### Work order
Below this line are records; transcribe exactly the lines between the one holding "중국 증시는 소폭 하락한" and the one holding "3、箱子集元件元件、液壓泵站", inclusive, and omit the pictures.

### Data under study
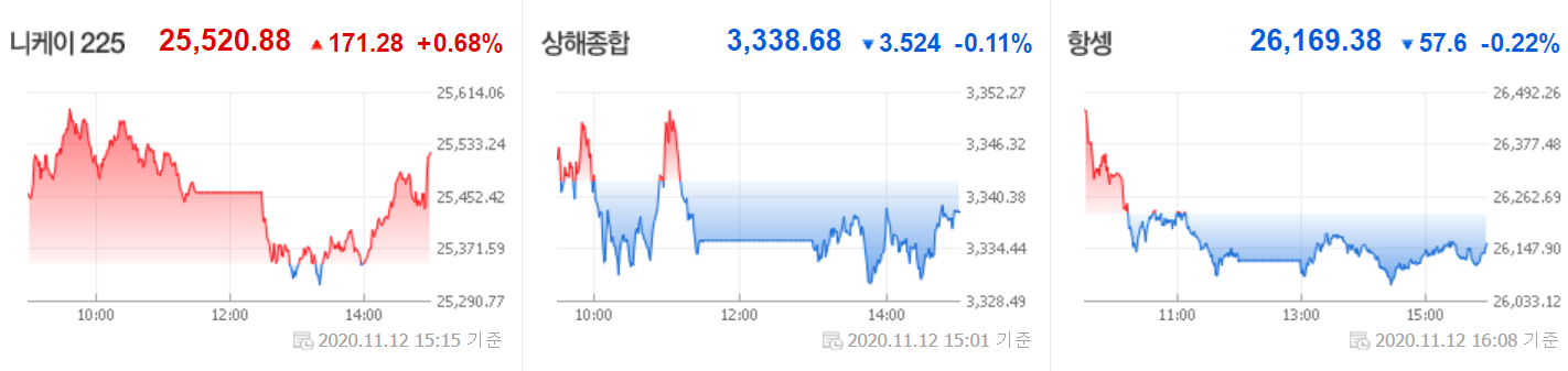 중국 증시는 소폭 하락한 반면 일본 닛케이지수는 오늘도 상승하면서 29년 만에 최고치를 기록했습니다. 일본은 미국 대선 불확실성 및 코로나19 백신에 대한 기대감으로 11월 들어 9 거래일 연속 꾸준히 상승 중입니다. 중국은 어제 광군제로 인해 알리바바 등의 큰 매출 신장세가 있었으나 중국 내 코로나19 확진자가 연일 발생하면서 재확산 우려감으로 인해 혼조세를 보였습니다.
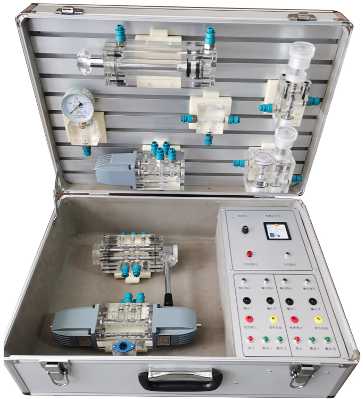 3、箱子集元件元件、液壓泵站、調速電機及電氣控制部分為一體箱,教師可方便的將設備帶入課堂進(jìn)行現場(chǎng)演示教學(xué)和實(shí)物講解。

* * *

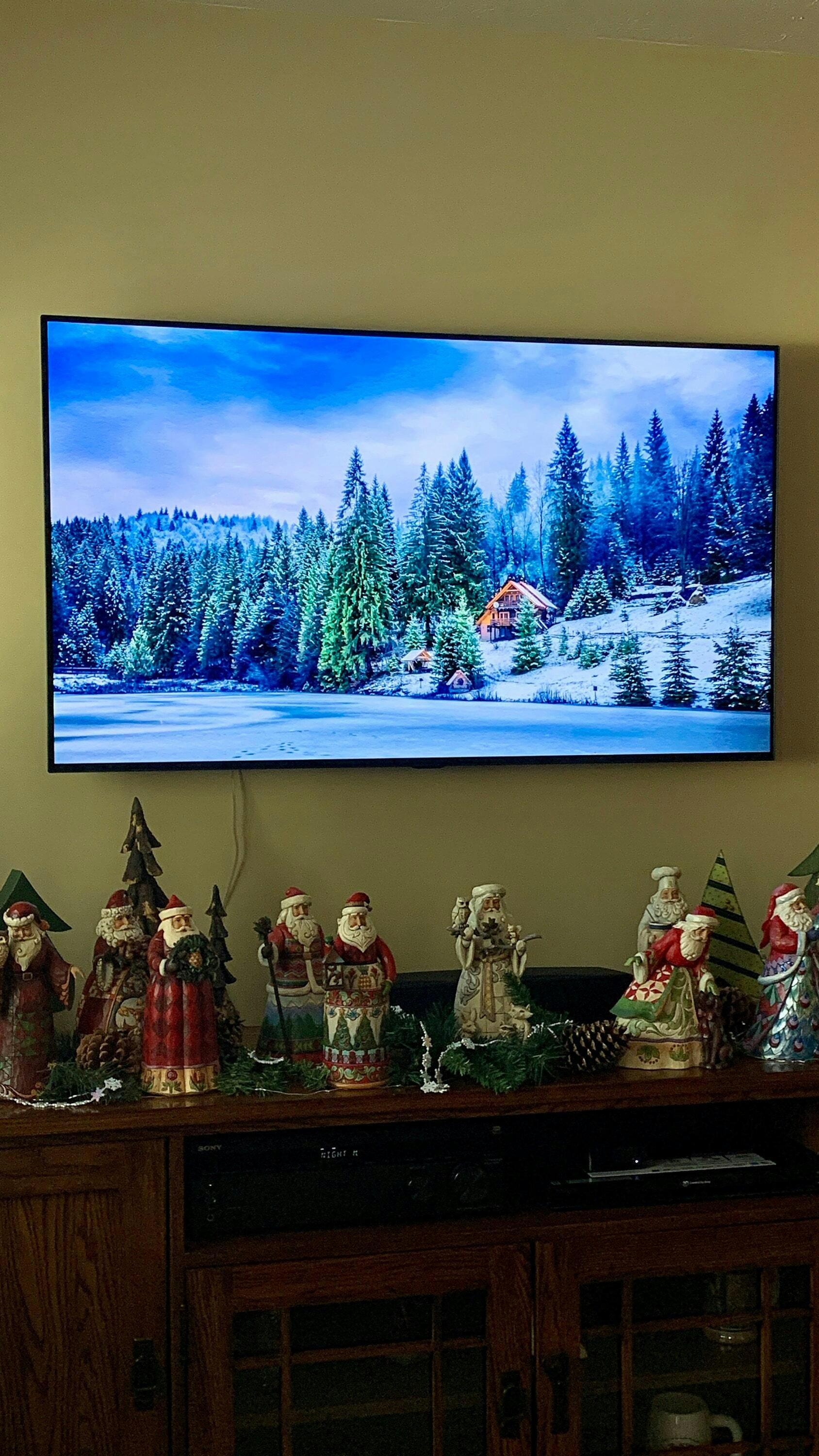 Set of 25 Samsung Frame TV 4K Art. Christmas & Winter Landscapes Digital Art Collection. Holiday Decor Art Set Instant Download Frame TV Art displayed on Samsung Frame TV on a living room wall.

### Your response
 중국 증시는 소폭 하락한 반면 일본 닛케이지수는 오늘도 상승하면서 29년 만에 최고치를 기록했습니다. 일본은 미국 대선 불확실성 및 코로나19 백신에 대한 기대감으로 11월 들어 9 거래일 연속 꾸준히 상승 중입니다. 중국은 어제 광군제로 인해 알리바바 등의 큰 매출 신장세가 있었으나 중국 내 코로나19 확진자가 연일 발생하면서 재확산 우려감으로 인해 혼조세를 보였습니다.
 3、箱子集元件元件、液壓泵站、調速電機及電氣控制部分為一體箱,教師可方便的將設備帶入課堂進(jìn)行現場(chǎng)演示教學(xué)和實(shí)物講解。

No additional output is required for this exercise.